Gary Rubinstein is quite the sleuth when anyone makes a claim about educational results that seem too good to be true.
A few years ago, he helped me pin down some whoppers when Secretary Arne Duncan, President Obama, and then-Mayor Michael Bloomberg claimed they discovered miracle schools that had a 100% graduation rate, or miraculous score gains, or some other incredible statistic. His research helped me write an article for the New York Times about miracle schools, debunking the notion that anyone can overcome poverty if they do something simple, like firing the entire staff or, better yet, raise their expectations.
Gary created a website to report and analyze sitings of miracle schools, whose magic melted on closer inspection. The purpose was not to say that schools could not get better, but that improving schools is hard work. not subject to the magic of press releases and political manipulation.
After the appearance of that article, the miracle claims briefly subsided, but Gary found that Duncan recently tweeted about a high school in Colorado with a 100% graduation rate.
He checked it out, and discovered yet again that this was not a miracle school. It was true that 100% of the seniors graduated, but only 62% of the ninth grade cohort made it to graduation.
As Arne loves to say, we should stop lying to our children.
Most official statistics on education or almost anything else are garbage.
Yes. We have a charter high school in Detroit that makes the same claim. With the same attrition rate or higher. It all depends on how one massages the numbers.
Interestingly, Denver’s flagship PUBLIC high school, East High School, has a higher graduation rate, according to the district’s own calculations, than this Stapleton school. 92% to 87%. And where do some of the missing 55 students (144 – 89) end up? East High School. Finally, this Stapleton school is, you guessed it, a charter school.
Anyone else remember the early days of NCLB and the 90, 90 90 miracle schools we were so often told about?
90% low income, 90% minority 90% pass state mandated tests.
Yep, these schools were “proving poverty didn’t matter” and “the soft bigotry of low expectations had taken hold”.
I kept offering to pay my own way to go visit one that actually mirrored our population and situation, but somehow the miracle was never available for viewing first hand.
Doing a little math—but not by using the methods tested via the Common Core—reveals that 38% of the students who entered as freshman did not graduate. Where did they go? What happened to them?
Even public schools manipulate the numbers by cherry picking facts to look better. What they report are not lies but they don’t paint a complete picture either. But they do mislead.
For instance, I just checked several on-line school report cards for the high school where I taught for the last 16 years of the thirty I was a classroom teacher.
For 2011-12:
Grade 9 had 545 students
Grade 10 had 631
Grade 11 had 581
Grade 12 had 502
When graduation rates are announced, they will work only from the 12th grade list and never mention how many from that graduating class started as 9th graders. That’s how they did it when I was teaching there.

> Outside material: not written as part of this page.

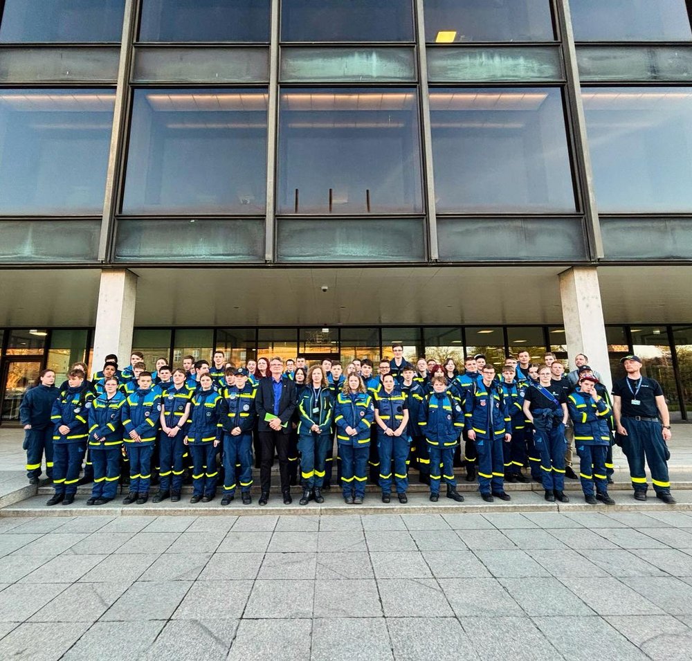 Eine Gruppe von 65 jungen Menschen aus ganz Deutschland, die sich beim technischen Hilfswerk engagieren und gerade an einer Jugendfreizeit in Baden-Württemberg teilnehmen, kamen am 26. März 2024 auf meine Einladung hin in den Landtag in Stuttgart.

Click to access 2012%20Nogales%20High%20School%20Accountability%20Report%20Card.pdf
But then I Googled the same public high school’s report card for the 2008-09 school year—because they are still on-line. Duh!
Grade 9 had 659 students but four years later only 502 were seniors. I wondered how many of those 2012 seniors graduated?
Grade 10 had 571
Grade 11 had 581
Grade 12 had 527
Click to access 2008-09%20English%20SARC_Nogales%20HS.pdf
Back to the 2011-12 school year and the earliest graduation rate listed on the school report card was for the previous year 2010-11 and that rate was listed as 84.44% for 438 students. The seniors for that year started as 9th graders in 07-08 when there were 659 in grade 9.
How did 438 who gradated four years later become an 84.44% graduation rate when that class started four years earlier with 659 students? The actual graduation rate for that class was 66.46% but only if we count the total 9th grade class.
As you can see, even the public schools manipulate the numbers by cherry picking what they report and they aren’t telling lies.
Click to access 2008-09%20English%20SARC_Nogales%20HS.pdf
Then I had another idea and Googled how many graduated in 2012 and found the answer was 449 for 2012 compared to the 659 who started in 08-09.
http://www.insidesocal.com/classnotes/2012/06/11/nogales-high-graduates-449-sen/
The real graduation rate for in 2012 was 68.2% when compared to that same class when they were in 9th grade, but that year there were 502 seniors meaning 53 did not graduate on time but finished their senior year.
THANKS, Lloyd. I guess we have an “arithmatic” crisis in D.C.
Bothering to analyze official statistics is a complete waste of time.
The statistic you want is where did those students who left go? How many moved away or went to another private/charter school? How many came back to public schools? A public school typically has to account for transfers in and out. Since the local schools here are good, they are interested in identifying trends that suggest changes may be necessary. Hasn’t happened.
I worked with a diverse public school that once had a 100% graduation rate—very few left from 9th grade. Is it coincidence that as the school was pushed to take more students w/o increasing number of counselors or other student supports, decreased time for students to get help, use the computers or study or even just breathe and focused more on data (aka test score growth) there are students falling through the cracks?